Among the entries below, find the lines with "Fietzersbond" and copy them.

# Saved data entries
# # #
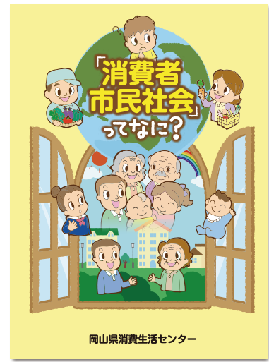
岡山県消費生活センター

消費者市民社会とは、消費者一人ひとりが、お互いに尊重して、助け合い、自分だけでなく周りの人のことや状況を配慮して、より良い社会を作ることに主体的に参画する社会のことです。事業者、生産者も含めてあらゆる立場の一人ひとりが「消費者」であり、子どもから大人までそれぞれが自分でできることを考えて行動することが大切です。
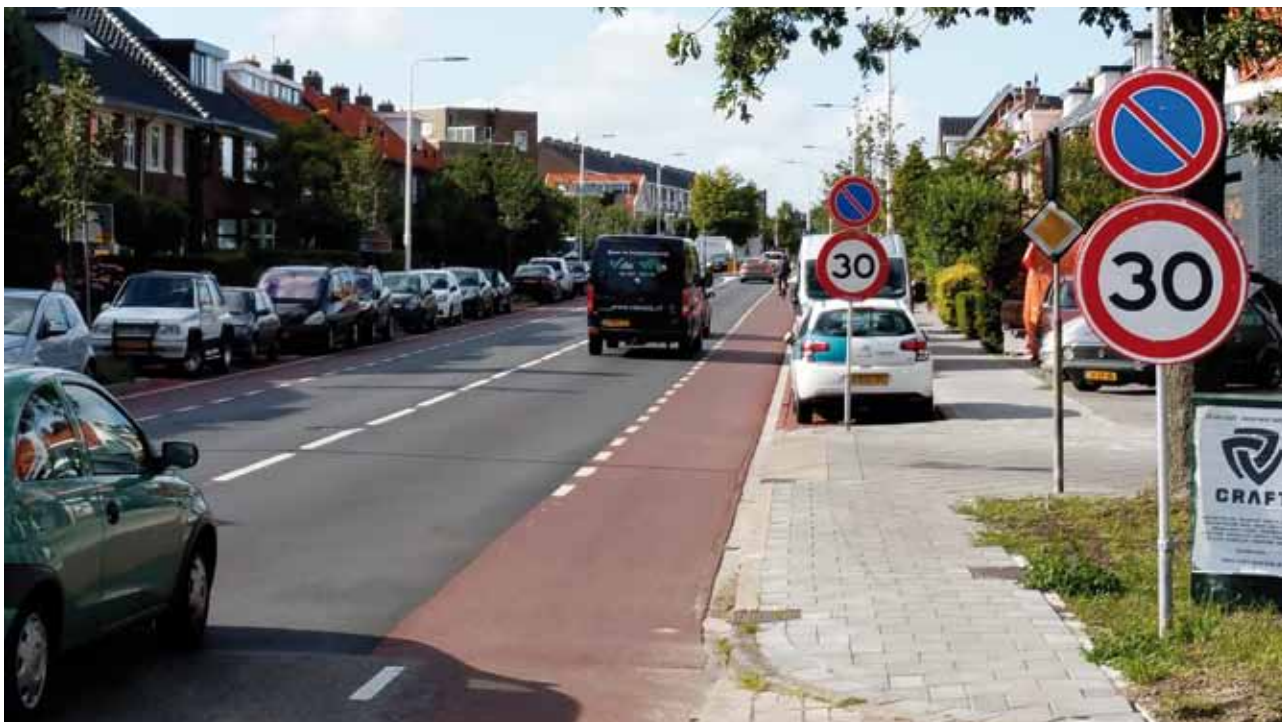
Santpoort, Broekbergenlaan. De aanpassing die de Fietzersbond Velsen noodzakelijk vindt, is uitgetest tijdens de Feestweek. Wij vinden de test geslaagd.

Velsen-Noord gaat meepraten over de aanpassing aan de Grote Hout of Koningsweg. De snelheid wordt tussen de spoorovergang en de aansluiting op de Wenckebachstraat 30 of 50 km/uur. De Fietzersbond Velsen neemt deel middels de inspraak.
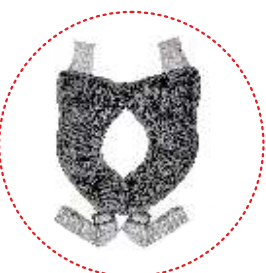
ремни для удержания и стабилизации
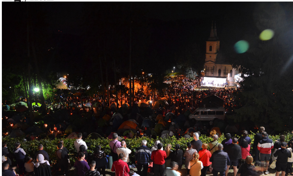
A füzesmikolai búcsú
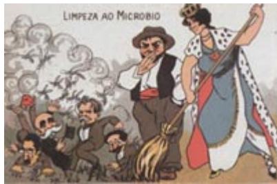
A Monarquia tentando varrer os republicanos que a vão atacando como moscas furiosas deixando os seus "micróbios". (A Paródia, 5 de Fevereiro de 1891)

O percurso eleitoral do Partido Republicano foi, desde 1878, de difícil e fraca expressão, devido não só às características da legislação eleitoral , como às ilegalidades que se verificavam durante as campanhas e no decurso dos escrutínios. Como protesto pelas limitações impostas pela legislação o PRP não concorreu às eleições de 1895 e 1897. Os republicanos que, na maioria das vezes concorriam com candidaturas próprias, chegaram a fazer algumas alianças, como aconteceu, em 1890, com alguns sectores monárquicos progressistas e, em 1900 e 1901, com os socialistas, formando a denominada Concentração Democrática . De qualquer modo, as esperanças de que o partido pudesse vir a ascender ao poder por via eleitoral eram praticamente nulas e as tendências discordantes que se tinham manifestado no Congresso de 1891 e que separaram os republicanos do Norte e do
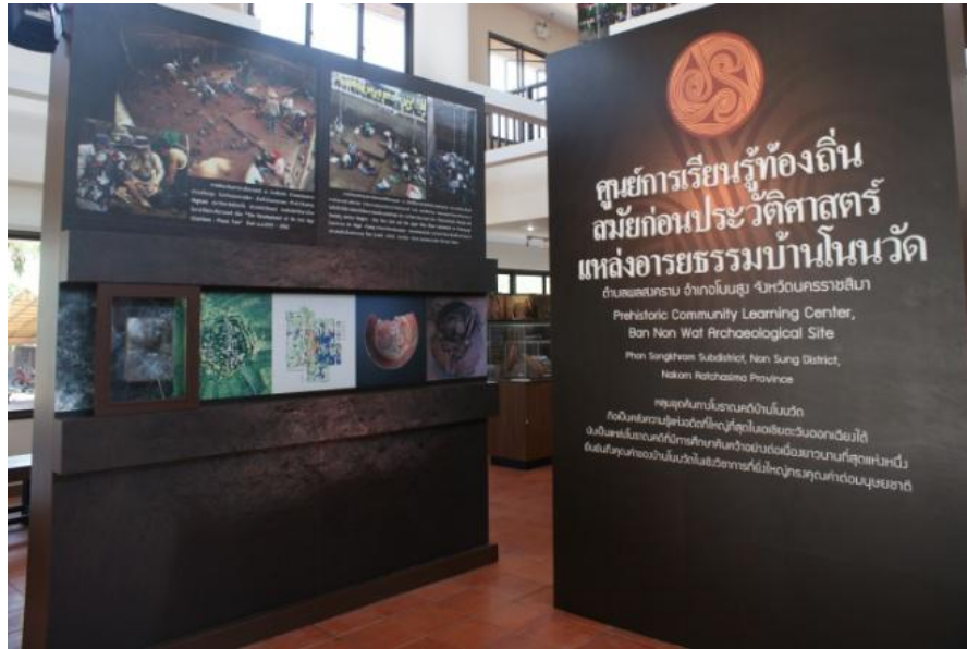
ศูนย์การเรียนรู้ท้องถิ่น สมัยก่อนประวัติศาสตร์ แหล่งโบราณคดีบ้านโนนวัต

หลังจากแรงผลักดันที่ฝ่ายได้กระตุ้นให้ก่อเกิด จังหวัดนครราชสีมา ได้อนุมัติงบประมาณ ในโครงการลงทุนภายใต้ปฏิบัติการไทยเข้มแข็ง ๒๕๕๕ และเริ่มเปิดให้บริการอย่างไม่เป็นทางการ เมื่อเดือนกุมภาพันธ์ พ.ศ.๒๕๕๖
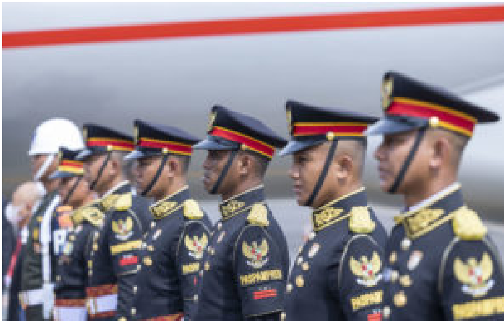
Indonesische Soldaten warten am Flughafen.

Vier Jahre liegt die Leitung der G20 in den Händen großer Schwellenländer Asiens, Afrikas und Lateinamerikas. Ob dies tatsächlich ein ‚Southernising of Global Governance‘, oder zumindest der G20, bedeutet, ist abzuwarten. Die Diskussionen hierzu gestalteten sich in Bali vielseitig: Stolz, Ambition und die Identifikation mit den Herausforderungen globaler Governance vermischen sich mit Fragen nach der Art von ‚leadership‘ (economic, political, intellectual), die unsere Welt benötigt und für welche die Länder stehen wollen. Auch die Frage, welche Rolle Wissenschaft und Think Tanks in der wissenschaftlichen Begleitung und beratenden Unterstützung ihrer Regierungen im Ausfüllen von G20 Präsidentschaften oder der Club Governance Ebene selbst spielen, steht wiederholt im Zentrum des transnationalen Austauschs innerhalb des die G20 beratenden Think20-Prozesses. Welche Beobachtungen und ersten Einschätzungen lassen sich hierzu aus der indonesischen G20 Präsidentschaft ziehen?
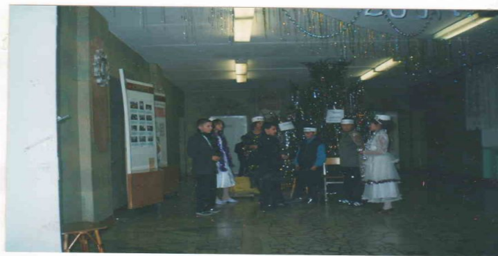
Ләбиб Леронның «Яңа ел биштәре» нән күренеш (5 нче сыйныф укучылары)
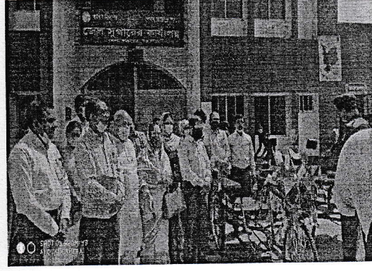
চিত্র: ৪ নওগাঁ জেলায় বিকল্প কর্মসংস্থান

একনজরে স্বাধীনতার সুবর্ণজয়ন্তী উদযাপন উপলক্ষ্যে বাংলাদেশ জাতীয় সমাজকল্যাণ পরিষদের গৃহীত কর্মসূচির বাস্তবায়ন/ অগ্রগতি প্রতিবেদন
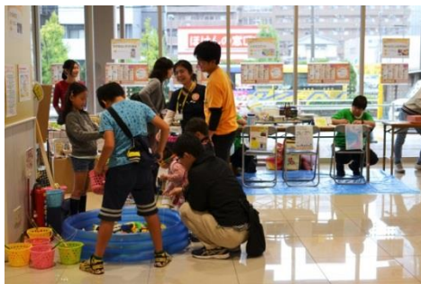
図2：ワークショップの様子
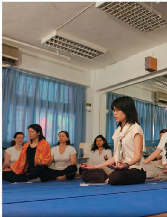
冥想是一種紓壓方法，學習者可以通過調節呼吸，讓身體放鬆下來。

而另一種經常聽見的肌肉纖維化而引發的肌肉痛，是指過分使用、拉扯而令肌肉纖維化，因而變硬及失去彈性。纖維化的肌肉可讓人久坐而不覺得疼痛，但會令身體肌肉失去彈性，影響血液循環，增加關節壓力。纖維化的緊張肌肉會造成韌帶和肌腱的鈣化，最後形成骨刺。骨刺和失去彈性的肌肉讓關節承受不正常的
# # #
# Output of the task
Santpoort, Broekbergenlaan. De aanpassing die de Fietzersbond Velsen noodzakelijk vindt, is uitgetest tijdens de Feestweek. Wij vinden de test geslaagd.
Velsen-Noord gaat meepraten over de aanpassing aan de Grote Hout of Koningsweg. De snelheid wordt tussen de spoorovergang en de aansluiting op de Wenckebachstraat 30 of 50 km/uur. De Fietzersbond Velsen neemt deel middels de inspraak.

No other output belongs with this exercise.